Сторонники сатирической природы «Оды к Фелице» в подтверждение своей правоты ссылаются на слова державинского Мурзы: «Таков, Фелица, я развратен!», - и на «Объяснения» самого Державина, относящиеся к 1809 г., где говорится, что ода «написана на счет ее (императрицы. - А.К. ) ближних, хотя без всякого злоречия, но довольно с издевкою и с шалостью» .
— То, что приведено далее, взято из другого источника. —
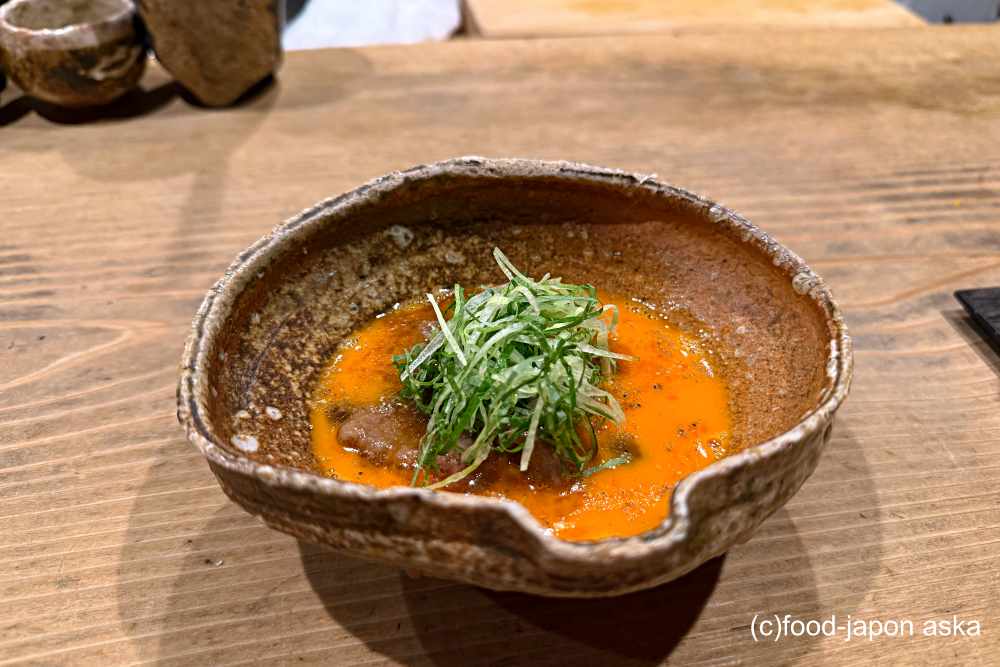 たたいたオクラの青々とした香りを鰹出汁が優しく包み、白ネギがとろみとコクを与えています。ポタージュというより“すり流し”に近い趣で、和食の技術が活きています。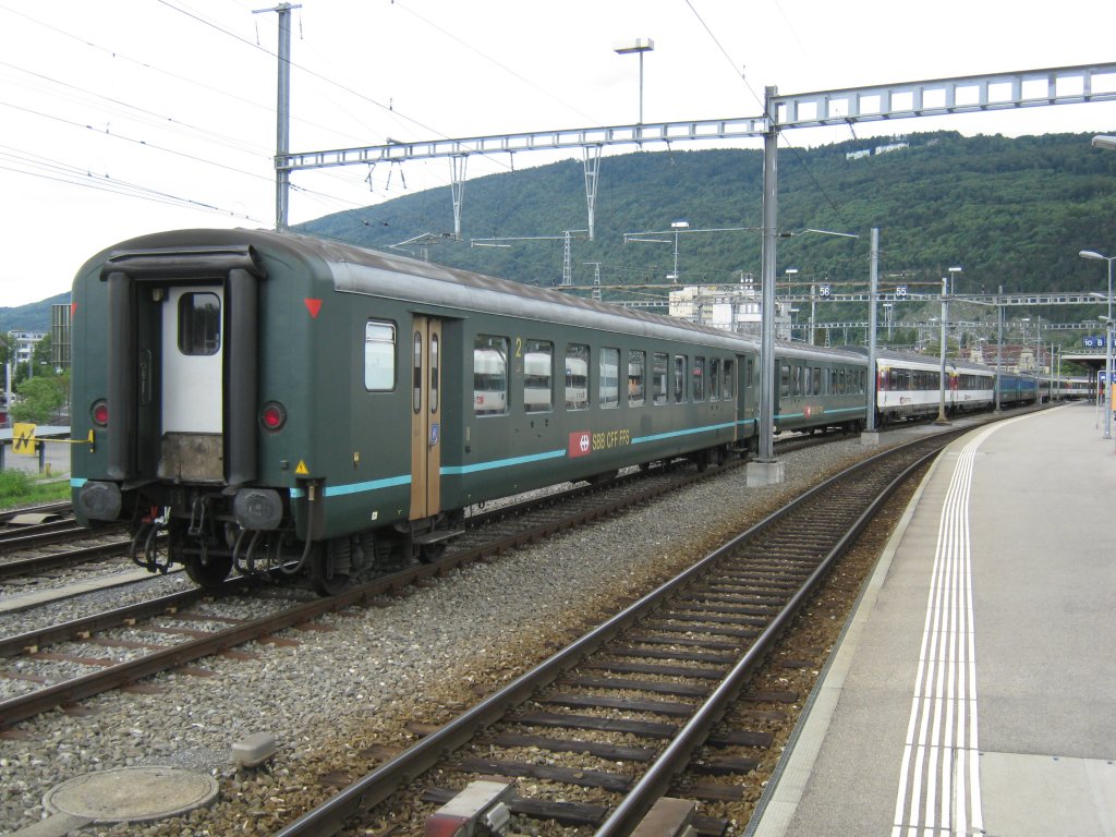 Verstärkungswagen am IR 2286 in Locarno, 23.07.2011. Die vorderen 4 Wagen, 3 B EWII und ein A EWI, wären fahrplanmässig ein 1 A EWIV und 3 Bpm 51, an diesem Tag wurden sie zur Freude des Fotografen ersetzt. Die anderen 2 B EWII sind zur Verstärkung angehängt. So waren es gesamthaft 6 EWI/II Wagen.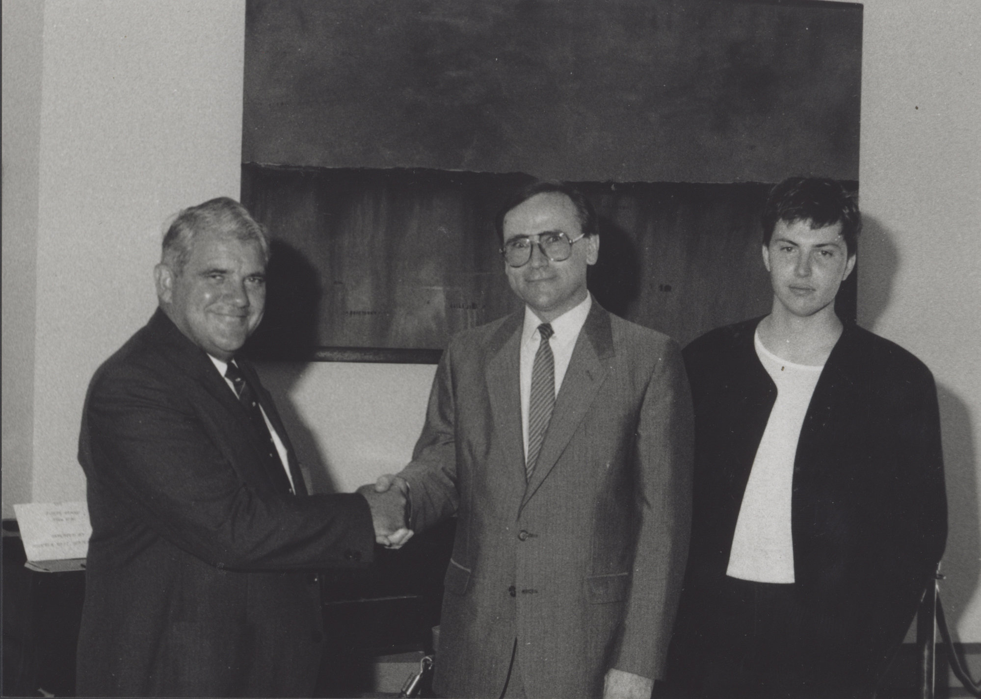 Michael Dudman (Conservatorium Dean) with John Gray (centre) and David Middlebrook (artist) at a presentation at the University of Newcastle, Australia, [P1770-53]. Living Histories, accessed 16/04/2026, https://livinghistories.newcastle.edu.au/nodes/view/46030

Действительно, на первый взгляд самооценка Мурзы прямо указывает на обличительный, сатирический характер его рассказа о том, как он проводит свое время, «преобращая в праздник будни», чем занимает свой досуг, ублажает и тешит себя, потакает своим прихотям и т.д., тем самым как бы осуждая «обычаи и нравы» петербургской знати. Да, такой вывод напрашивается, если в понятие «разврат» вкладывать наше современное содержание, которое начало складываться еще в XIX в., постепенно превращаясь в синоним понятий «низменный порок», «моральное разложение», «распущенность» и т.п. В таком случае выражение: «...я развратен!», - означает: «Я человек порочный, морально разложившийся» и т.д. И если подходить к значению слова «разврат», которым пользуется Державин, формально, не соотнеся его содержание с тем, что поведал нам Мурза о своем житье-бытье, его действительно можно воспринимать как самоосуждение и саморазоблачение, и «Оду к Фелице» можно трактовать как сатиру. Правда с одним «но» - как сатиру не на окружавших Екатерину вельмож, а на все человечество, «весь свет». Ведь вот, что говорит Мурза, если не обрывать его на полуслове:

Таков, Фелица, я развратен!

откуда, при означенном выше содержании понятия «разврат», следует, что «развратно» все человечество, которое он таким образом осуждает.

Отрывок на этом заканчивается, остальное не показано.